Massachusetts Governor Downplays President Biden’s Federal Cannabis Pardon

A week after President Joe Biden called on the nation’s governors to pardon state-level cannabis possession convictions, Massachusetts Governor Charlie Baker said no thanks, he’d stick with the state’s current system.

Baker, who initially declined to say what he would do during his remaining months as governor, pointed to a 2018 piece of legislation he signed into law allowing individuals once prosecuted for marijuana-related conduct to seek out and erase their records.

Anybody in Massachusetts who wants to expunge their record appropriately can do so now, under existing state law,” Baker said. “Massachusetts has passed an expungement law for anybody convicted of simple possession of marijuana back in 2018 (…) And we signed legislation last year to make the process even easier.

Massachusetts Governor, Charlie Baker

Governor Baker added that the pardon process is complicated and doesn’t happen overnight. “I think at this point the fastest, easiest and quickest way for somebody to deal with an issue around simple possession would be to just pursue the expungement process. It’s why it’s there.”

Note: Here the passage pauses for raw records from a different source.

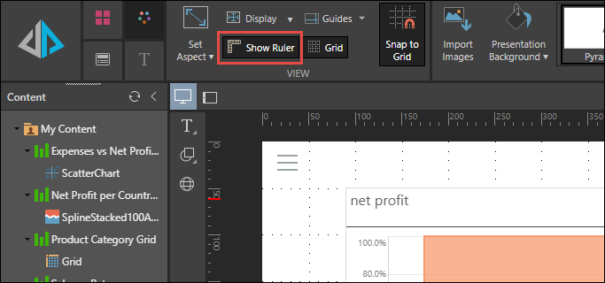 Use the Show Ruler button to show or hide the ruler along the top and left side of the canvas. This button is only enabled when working with a fixed layout.
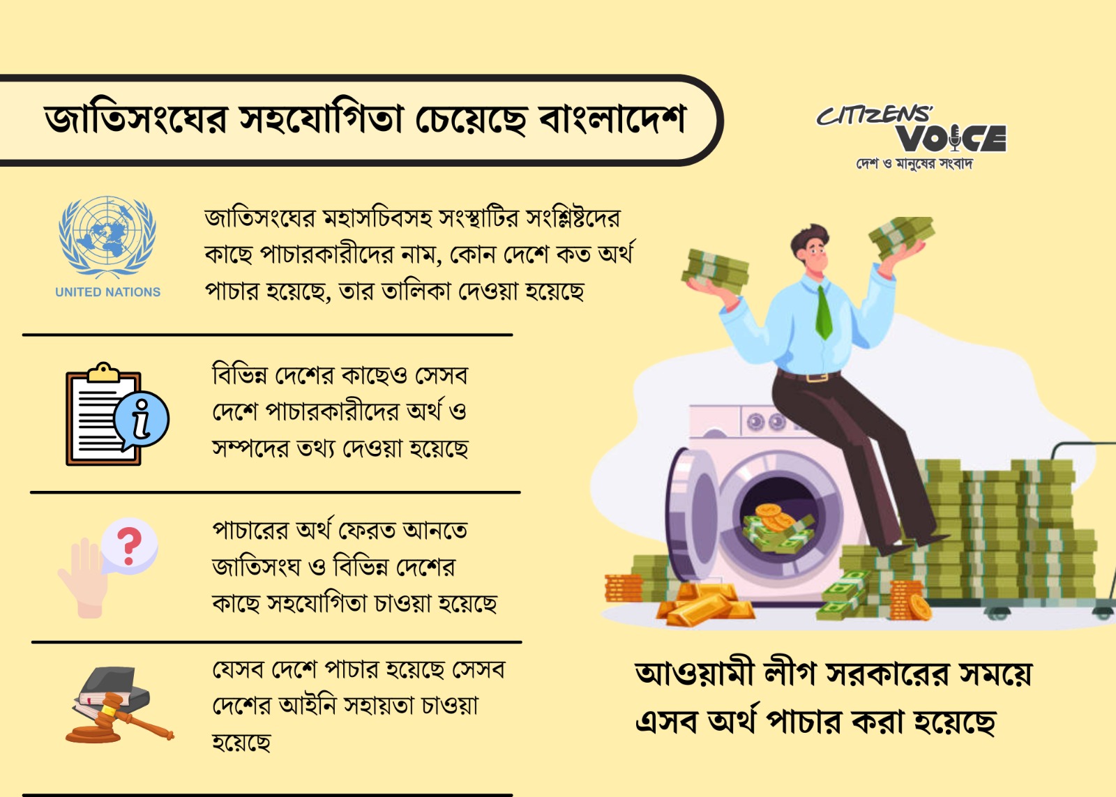 প্রধান উপদেষ্টার প্রেস সচিব শফিকুল আলম বলেন, “বাংলাদেশ থেকে শীর্ষ অর্থপাচারকারীদের চিহ্নিত করা হয়েছে। তাদের পাচার করা অর্থ ও সেই অর্থ দিয়ে কেনা সম্পদ বিক্রি করে অর্থ আদায়ের চেষ্টা চালানো হবে। আওয়ামী লীগ সরকারের সময়ে কিছু অসৎ ব্যক্তি বিভিন্ন কৌশলে অর্থ পাচার করেছেন। ফেরত আনা টাকাগুলো সাধারণ জনগণের কল্যাণে ব্যবহার করা হবে। জাতিসংঘের সহায়তা চাওয়া হয়েছে এবং যেসব দেশে টাকা গেছে সেসব দেশের প্রতিনিধিদের সঙ্গেও যোগাযোগ চলছে।”
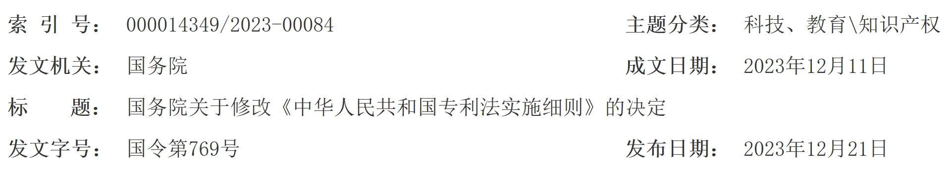 现公布《国务院关于修改〈中华人民共和国专利法实施细则〉的决定》,自2024年1月20日起施行。
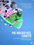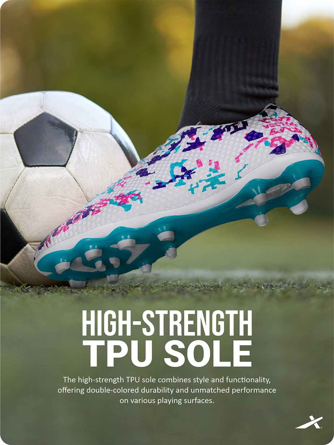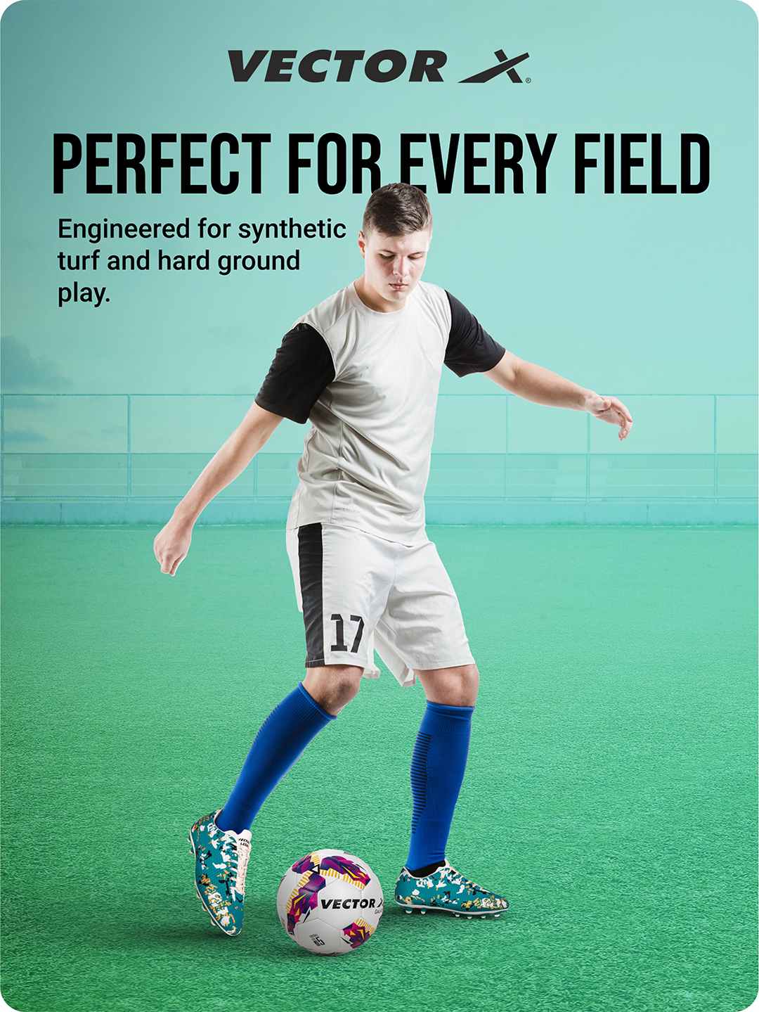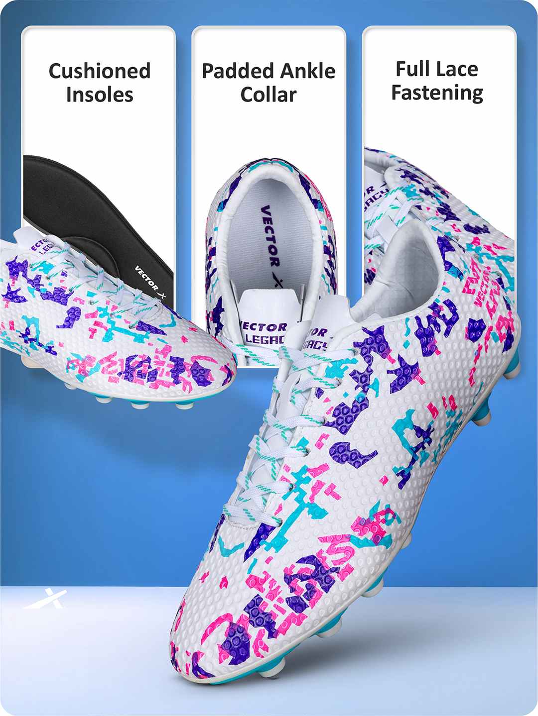 Designed for champions, the Vector X football shoes combine cutting-edge materials with comfort-focused construction. Featuring a 3D textured upper with TPU fusing, these shoes offer superior ball control and a sleek look. The electroplated TPU sole ensures high abrasion resistance and long-lasting durability, while strategically placed studs enhance traction on the field for agile movements and quick turns. With moulded breathable in-socks, they provide all-day comfort during training and matches. Built to perform — built the Vector X way.
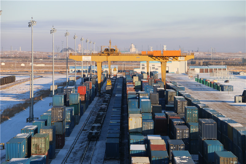 等待裝車的集裝箱(中鐵哈爾濱局供圖)

Meanwhile, MA’s Attorney General Maura Healey (D) said she would pardon cannabis convictions if she were elected governor.

By contrast, Republican candidate Geoff Diehl said he would not and called Biden’s request “the latest in a series of outrageous moves (…) to eliminate consequences for wrongful actions.”

Massachusetts Senators Elizabeth Warren (D) and Ed Markey (D) expressed support for Biden’s decision, calling pardons and legalizing marijuana at the federal level positive moves, reported MassLive.

Finally, state lawmakers argue that the expungement process is difficult for people to navigate, and a governor’s pardon would be more efficient.

Governor Baker Supports Cannabis Initiatives

A noted cannabis supporter, Governor Baker signed into law the first major step of its kind by state government to bolster the nascent industry and tear down obstacles that its participants face back in August.

Baker approved almost everything in a wide-reaching cannabis industry regulatory reform bill, greenlighting measures to increase diversity in the field, increase oversight on agreements between marijuana businesses and municipalities, and move closer to social pot consumption sites.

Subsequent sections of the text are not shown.